**ASSIGNMENT:** The answer must be the lines from the one that holds "Available on JioMart, explore" through the final line of the data, copied exactly, with no pictures.

※ ※ ※

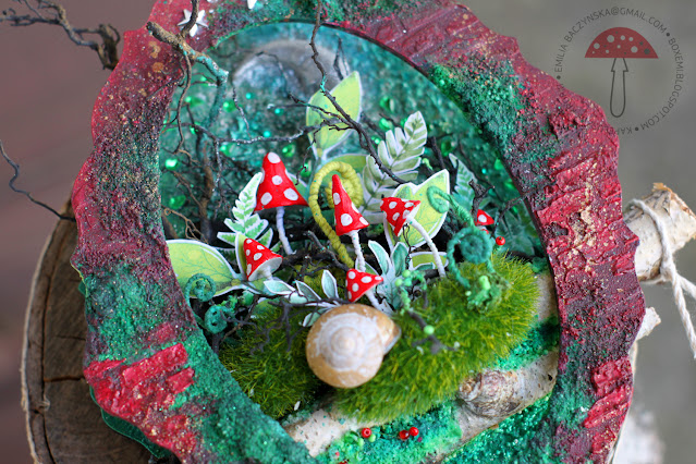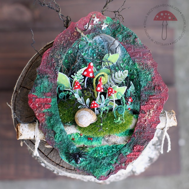Jako bazę użyłam HDFkę z Artistiko. Na tym materiale można robić warstwy i mediować do woli bez strachu, że coś się wygnie, zdeformuje, czy nie udźwignie ciężaru. Muchomorki oraz elf mają drucikowe kręgosłupy więc można je fajnie formować i wyginać. Zresztą elfika można odpiąć, zmienić mu pozycję, czy miejsce. Do stworzenia cegiełek wykorzystałam maskę od ITD Collection, od nich też są nadrukowane na folii skrzydełka, które od spodu podmalowałam farbą metaliczną zieloną oraz złotą. W tle świeci księżyc wyciśnięty z formeki Prima Finnabair Moulds gwiazdy i księżyce (to jedna z tych rzeczy, które tanie nie są, ale u mnie wyciski z tej foremki są w ciągłym użyciu). Nie brakuje tu też elementów naturalnych :)
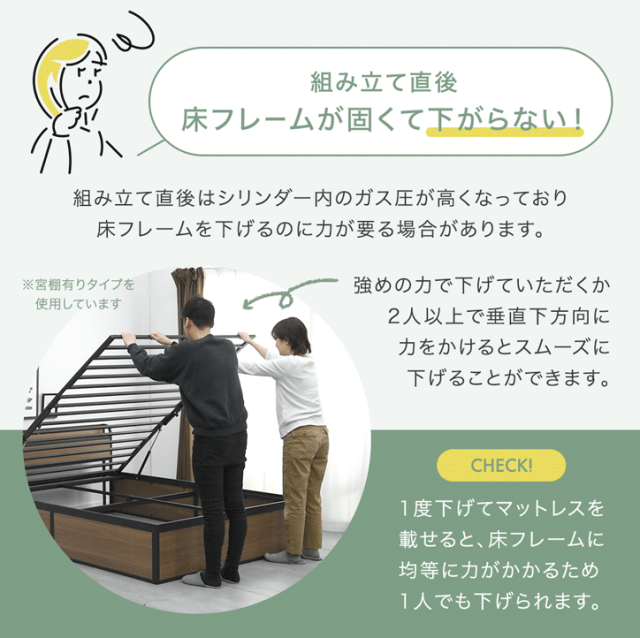 ※組み立て直後はシリンダー内のガス圧が高くなっており、床フレームを下げるのに力が要る場合があります。強めの力で下げていただくか2人以上で垂直した方向に力をかけるとスムーズに下げることができます。
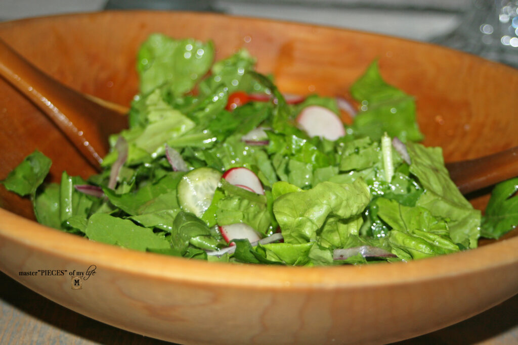 I shared some salad recipes here {9 summertime salad ideas}. Below is our typical side salad we share with most meals, but the post is full of different salads from main courses to side dishes.
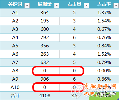 從上圖我們可以看到,A8和A10無(wú)效的展現(xiàn)是非常多的,按照上面的方法,我們把這兩個(gè)詞直接刪除,于是有了下面的結(jié)果
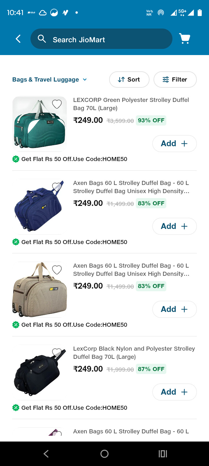 Available on JioMart, explore a wide selection of travel bags and luggage. Prices start from an attractive ₹199, offering durable and stylish options for all your travel needs. Whether you’re planning a short trip or a long vacation, find the perfect bag at an unbeatable price.
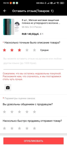 Mi 9 Lite Заказывал уже раньше такую плёнку,отлично защищает от потёртостей и царапин... Советую тем кто позднее собирается перепродавать своё устройство. Спасибо продавцу,доставка 15 дней.
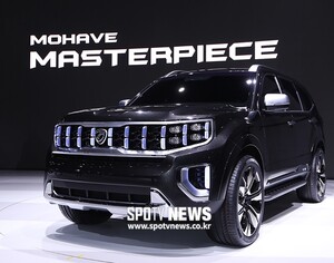 [스포티비뉴스=고양, 곽혜미 기자] '2019 서울모터쇼' 미디어 데이가 28일 오전 경기도 고양시 일산 킨텍스에서 열렸다. KIA 플래그십 스포츠유틸리티차량(SUV) 모하비의 콘셉트카 ‘모하비 마스터피스’가 세계 최초 공개되고 있다.
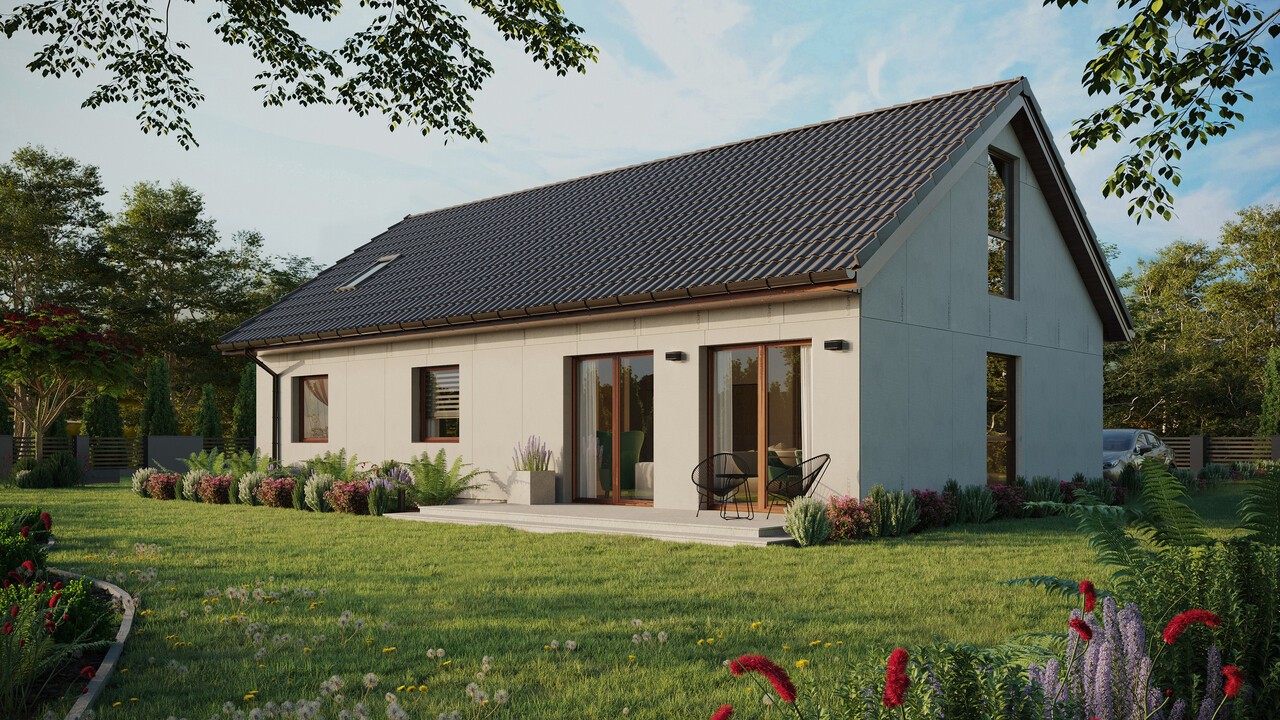 Projekt ERDOL 3 XL w wybranej konfiguracji posiada dach dwuspadowy z poddaszem użytkowym o kącie nachylenia 35 stopni oraz wyposażony jest w stolarkę PVC firmy EUROCOLOR SYNEGO na profilu marki REHAU o szerokości 80mm w kolorze orzech.

※ ※ ※

**OUTPUT FOR THIS TASK:**
 Available on JioMart, explore a wide selection of travel bags and luggage. Prices start from an attractive ₹199, offering durable and stylish options for all your travel needs. Whether you’re planning a short trip or a long vacation, find the perfect bag at an unbeatable price.
 Mi 9 Lite Заказывал уже раньше такую плёнку,отлично защищает от потёртостей и царапин... Советую тем кто позднее собирается перепродавать своё устройство. Спасибо продавцу,доставка 15 дней.
 [스포티비뉴스=고양, 곽혜미 기자] '2019 서울모터쇼' 미디어 데이가 28일 오전 경기도 고양시 일산 킨텍스에서 열렸다. KIA 플래그십 스포츠유틸리티차량(SUV) 모하비의 콘셉트카 ‘모하비 마스터피스’가 세계 최초 공개되고 있다.
 Projekt ERDOL 3 XL w wybranej konfiguracji posiada dach dwuspadowy z poddaszem użytkowym o kącie nachylenia 35 stopni oraz wyposażony jest w stolarkę PVC firmy EUROCOLOR SYNEGO na profilu marki REHAU o szerokości 80mm w kolorze orzech.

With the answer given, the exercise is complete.